I’m encountering issues with web scraping on my Render deployment. Despite multiple attempts, the scraping process fails consistently without generating any logs or errors in the output. I’ve verified my code logic and configurations locally, which work perfectly. However, upon deployment, the scraping process doesn’t initiate as expected and no error messages are logged. Seeking guidance to troubleshoot this issue effectively on Render.
I am using a Dockerfile to install the required dependencies for scraping in a production environment. Below is a snippet of my docker file:
FROM ghcr.io/puppeteer/puppeteer:19.7.2
USER root
RUN apt-get update && \
apt-get install -y xvfb
USER node
ENV DISPLAY=:99
ENV PUPPETEER_SKIP_CHROMIUM_DOWNLOAD=true \
PUPPETEER_EXECUTABLE_PATH=/usr/bin/google-chrome-stable
WORKDIR /usr/src/app
COPY package*.json ./
RUN npm ci
COPY . .
# Start xvfb and run the application
CMD xvfb-run --auto-servernum --server-args="-screen 0 1280x1024x24" npx nodemon app.js
And this builds and deploys on render without any issues. Here is my scraping logic file:
import * as cheerio from "cheerio";
import puppeteer from "puppeteer";
import * as dotenv from "dotenv";
dotenv.config();
export default async function scrapeProduct(url) {
if (!url) return;
const browser = await puppeteer.launch({
args: [
"--disable-setuid-sandbox",
"--no-sandbox",
"--single-process",
"--no-zygote",
],
headless: "new",
executablePath:
process.env.NODE_ENV === "production"
? process.env.PUPPETEER_EXECUTABLE_PATH
: puppeteer.executablePath(),
});
try {
//scrapping logic here...
} catch (error) {
console.error("Error in Puppeteer script:", error);
console.log(error);
} finally {
await browser.close();
}
}
This logic seems to be failing on the puppeteer.launch()

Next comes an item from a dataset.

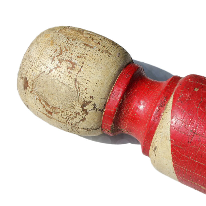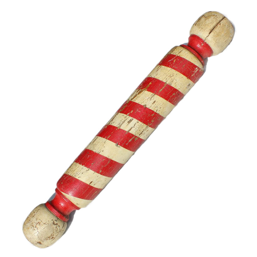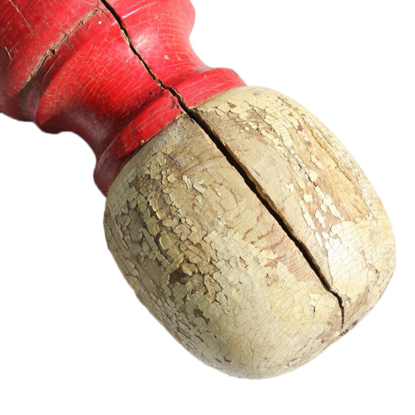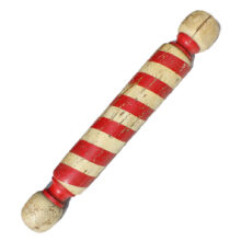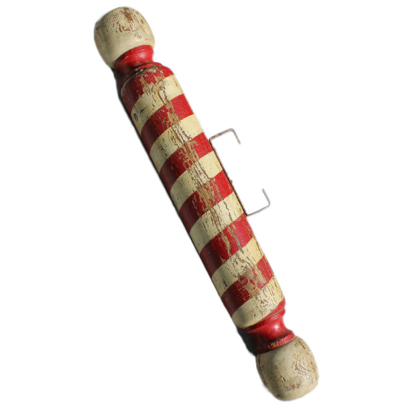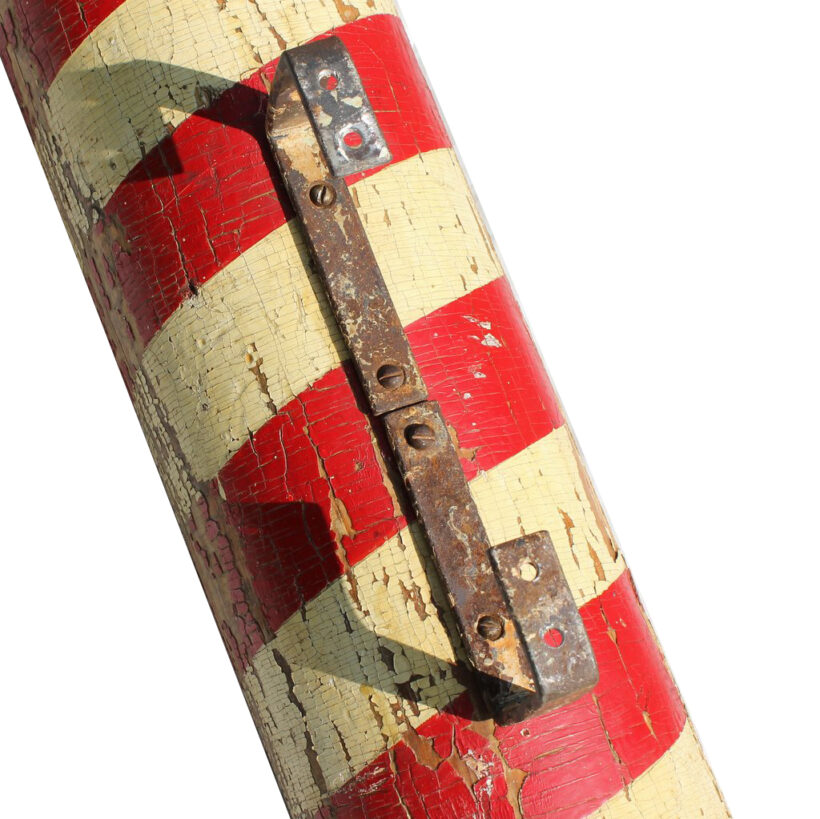 Antique turned and painted wooden barber pole, c. late 19th century. The red and white barber pole advertised more than a haircut in the nineteenth century. Barbers performed bloodletting as a standard service, and the pole’s red stripe possibly represented blood and the white, bandages. This example retains its original old paint and surface — a rarity, given these are often stripped and repainted. Many “antique” barber poles on the market are actually doctored and painted newel posts or other repurposed architectural features. Turned expressly as trade sign, this antique barber pole is guaranteed authentic.

even though I think I have passed the correct/necessary parameters and what is strange is that when my API route hits the scraping function there are no errors on the Render logs. I suspect that the problem could be my environment variable PUPPETEER_EXECUTABLE_PATH
.
I would really appreciate if there’s a solution to what I am facing and if anyone can help me find what I am missing in my logic.
Thanks!